Warehouse with a Smart Elevator System

Imagine a massive warehouse with two floors: the ground floor is for data ingestion (hot storage) and the upper floor is for long-term storage (cold archive). The warehouse has a traditional freight elevator that moves pallets of boxes between floors, but it's slow and can only carry one pallet at a time. Now, the warehouse installs a smart elevator system. This system has a high-speed elevator that can carry multiple pallets simultaneously, a barcode scanner that reads every box's label, and a digital inventory database that tracks the exact location of every box on both floors. The smart elevator can move a pallet from the ground floor to the upper floor in seconds, and the barcode scanner updates the inventory database instantly. Additionally, the system can retrieve any box from either floor directly without needing to bring the entire pallet down. This smart elevator system is like Azure Data Lake Storage Gen2: it combines the high-speed, multi-modal access of Blob Storage (the smart elevator) with the hierarchical namespace of a file system (the inventory database). The ground floor is the hot tier, the upper floor is the cool or archive tier, and the smart elevator represents the ability to move data between tiers automatically or on demand. The barcode scanner and inventory database ensure that data is always accessible via its full path (like a file system) even though it's stored in a flat blob structure underneath.

How It Actually Works

What is Azure Data Lake Storage Gen2?

Azure Data Lake Storage Gen2 (ADLS Gen2) is a cloud storage service built on top of Azure Blob Storage. It provides a hierarchical namespace that allows you to organize data into directories and subdirectories, much like a traditional file system. This enables you to use file system semantics (e.g., rename, move, delete directories) while leveraging the massive scalability and cost-effectiveness of Blob Storage. ADLS Gen2 is designed for big data analytics workloads, where data is often organized in a folder hierarchy and accessed by multiple compute engines simultaneously.

Why Does It Exist?

Before ADLS Gen2, Azure had two separate storage offerings for analytics: Azure Data Lake Storage Gen1 (a dedicated storage service) and Azure Blob Storage (a general-purpose object store). Gen1 offered a hierarchical namespace and high performance for analytics but was limited in scalability and integration with other Azure services. Blob Storage was highly scalable and cost-effective but lacked a hierarchical namespace, making it difficult to organize data for analytics. ADLS Gen2 was created to merge the best of both: the hierarchical namespace and performance optimizations from Gen1 with the scalability, durability, and cost tiers of Blob Storage.

How It Works Internally

ADLS Gen2 is essentially Blob Storage with a hierarchical namespace enabled. The hierarchical namespace is implemented as a metadata layer that maps directory paths to blob prefixes. When you create a directory, ADLS Gen2 creates a zero-length blob (a "directory marker") that represents that directory. However, the actual data is stored as blobs (objects) in a flat namespace underneath. The hierarchical namespace provides a logical view of directories and subdirectories, but the physical storage remains flat. This allows ADLS Gen2 to support both object storage semantics (via Blob APIs) and file system semantics (via the ABFS driver).

#### ABFS Driver

The Azure Blob File System (ABFS) driver is a Hadoop-compatible file system driver that enables compute engines like Azure Databricks and HDInsight to access ADLS Gen2 using the abfs:// protocol. The driver translates file system operations (e.g., ls, mkdir, rename) into Blob Storage REST API calls. For example, a ls on a directory triggers a list blobs operation with a prefix filter. The driver also optimizes performance by using multiple concurrent connections and caching.
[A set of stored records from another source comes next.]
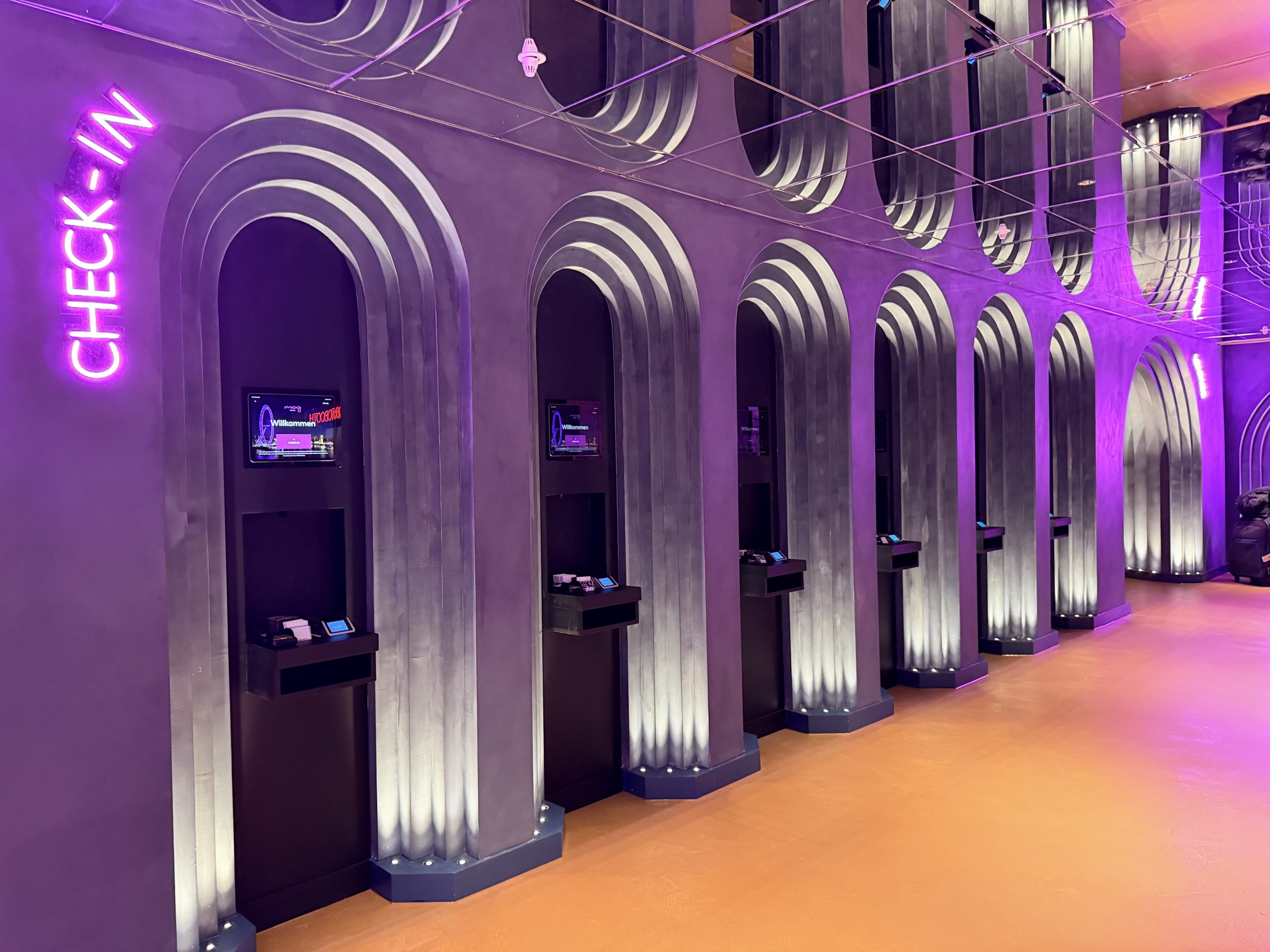 一整排的自助式辦理入住手續櫃台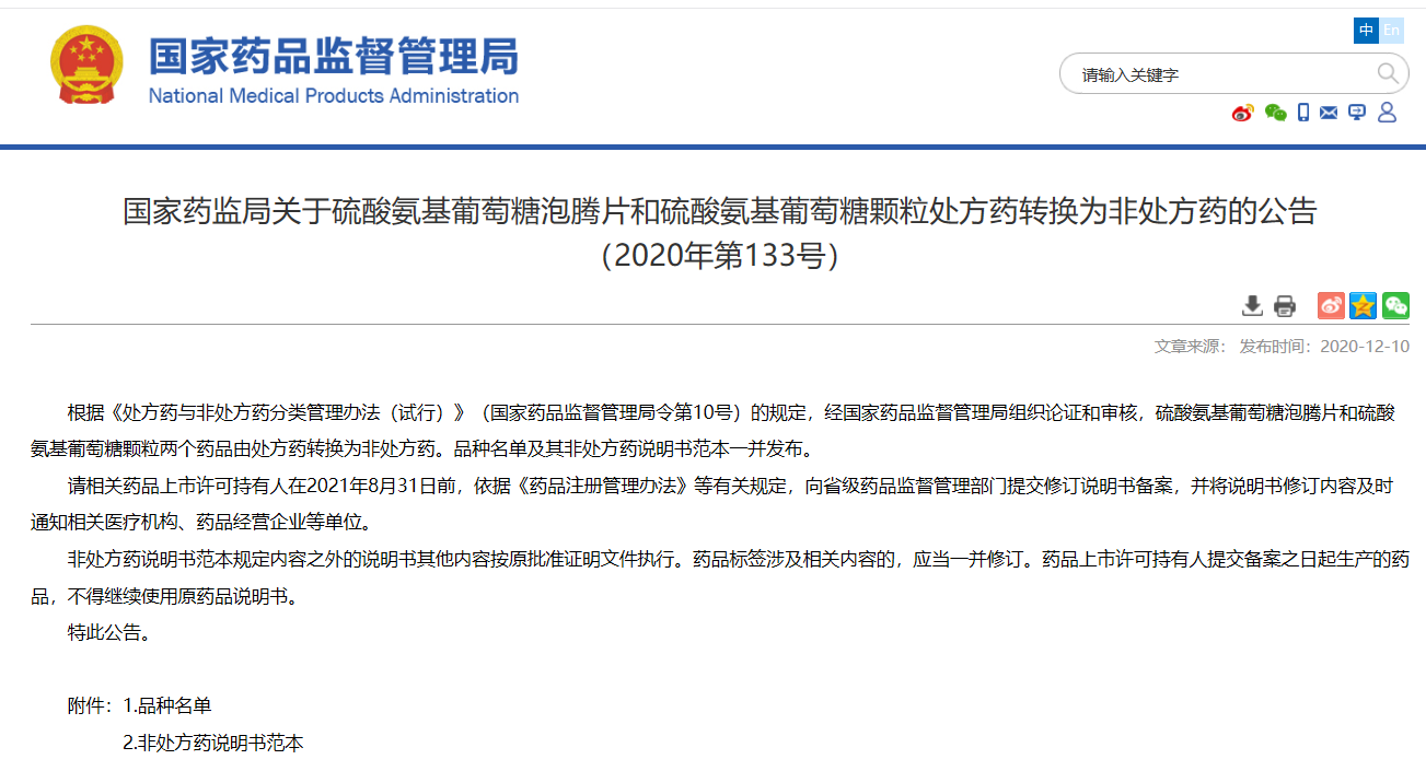 關(guān)于硫酸氨基葡萄糖泡騰片和硫酸氨基葡萄糖顆粒處方藥轉(zhuǎn)換為非處方藥的公告(2020年第133號)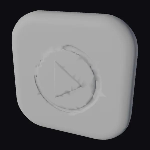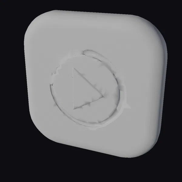 Floating dynamically in a 3D space, this play button icon model showcases a dark gray, rounded square shape with a slightly raised edge, giving it a soft, modern aesthetic. The button’s surface is adorned with a large, white play icon encircled by a subtle, raised ring, adding depth to the design. A small dot to the right of the play icon adds a touch of detail. The model’s clean lines, smooth curves, and balanced proportions make it perfect for various applications, including video players, media interfaces, and digital platforms. Its versatility allows it to be used in games, animations, VR/AR experiences, and design projects, making it an essential asset for creators.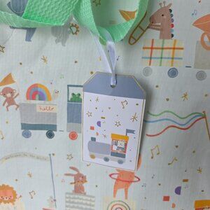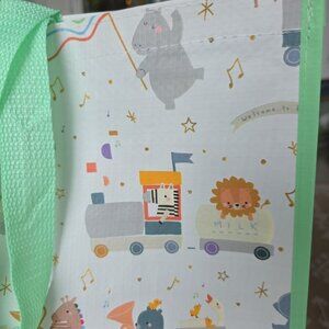 Baby Shower Gift Bag New Shopping Reusable Large Tote Zoo Animals Playing Train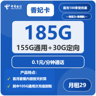 20-60周岁可申请|自主激活|185G流量|首月免月租 电信香妃卡...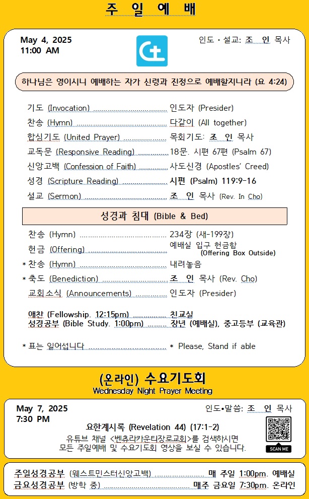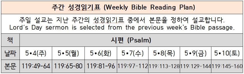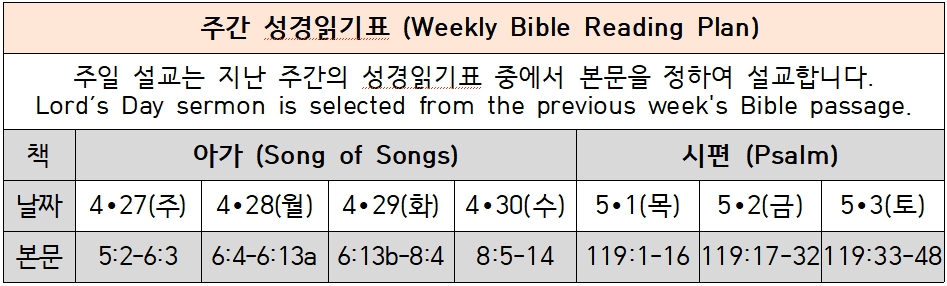 매주일 설교는 지난 주간 성경읽기표의 본문 중에서 정하여 설교합니다. 매일 성경읽기표를 따라 성경을 읽고, 묵상하고, 말씀에 순종하고, 매주 한 구절씩 암송하는 교우들이 되시길 바랍니다. Every Sunday sermon is selected from the previous week's Bible reading plan. Please follow the Bible reading plan everyday by reading, meditating, obeying the Word of God, and memorizing one verse every week.

Key Components, Values, and Defaults

Hierarchical Namespace: A logical container that organizes blobs into directories. It must be enabled when creating a storage account; it cannot be enabled later.

Storage Account: The top-level container. Must be a StorageV2 (general-purpose v2) account. The account type determines the performance tier (Standard or Premium) and replication options.

Containers: Similar to directories in a file system, but they are the top-level namespace within a storage account. Each container can have its own access policies.

Directories and Files: Directories are logical groupings; files are the actual blobs. ADLS Gen2 supports up to 2^63 bytes per file (approximately 9 EB).

Access Control: ADLS Gen2 supports both POSIX-like ACLs (Access Control Lists) and Azure RBAC (Role-Based Access Control). POSIX ACLs can be set at the directory or file level, with read (r), write (w), and execute (x) permissions for owner, owning group, and others. The default umask is 027 (owner: rwx, group: rx, others: r).

Data Tiers: Hot, Cool, Cold, and Archive tiers. Data can be moved between tiers automatically using lifecycle management policies or manually.

Encryption: All data is encrypted at rest using Azure Storage Service Encryption (SSE). Customer-managed keys are supported.

Soft Delete: Enabled by default for containers (retention period: 7 days). Can be configured for blobs.

Configuration and Verification Commands

To create an ADLS Gen2 storage account using Azure CLI:

az storage account create \
    --name mystorageaccount \
    --resource-group myResourceGroup \
    --location eastus \
    --sku Standard_LRS \
    --kind StorageV2 \
    --enable-hierarchical-namespace true

To verify hierarchical namespace is enabled:

az storage account show \
    --name mystorageaccount \
    --resource-group myResourceGroup \
    --query isHnsEnabled

To create a directory:

az storage fs directory create \
    --name mydir \
    --file-system mycontainer \
    --account-name mystorageaccount

To list files and directories:

az storage fs file list \
    --file-system mycontainer \
    --path mydir \
    --account-name mystorageaccount

Integration with Related Technologies

ADLS Gen2 integrates seamlessly with: - Azure Synapse Analytics: Can query data directly in ADLS Gen2 using serverless SQL pools or dedicated SQL pools. - Azure Databricks: Uses the ABFS driver to read/write data with Spark. - Azure HDInsight: Hadoop clusters can access ADLS Gen2 as the default file system. - Azure Data Factory: Can copy data to/from ADLS Gen2. - Power BI: Can connect to data stored in ADLS Gen2 using DirectQuery or import.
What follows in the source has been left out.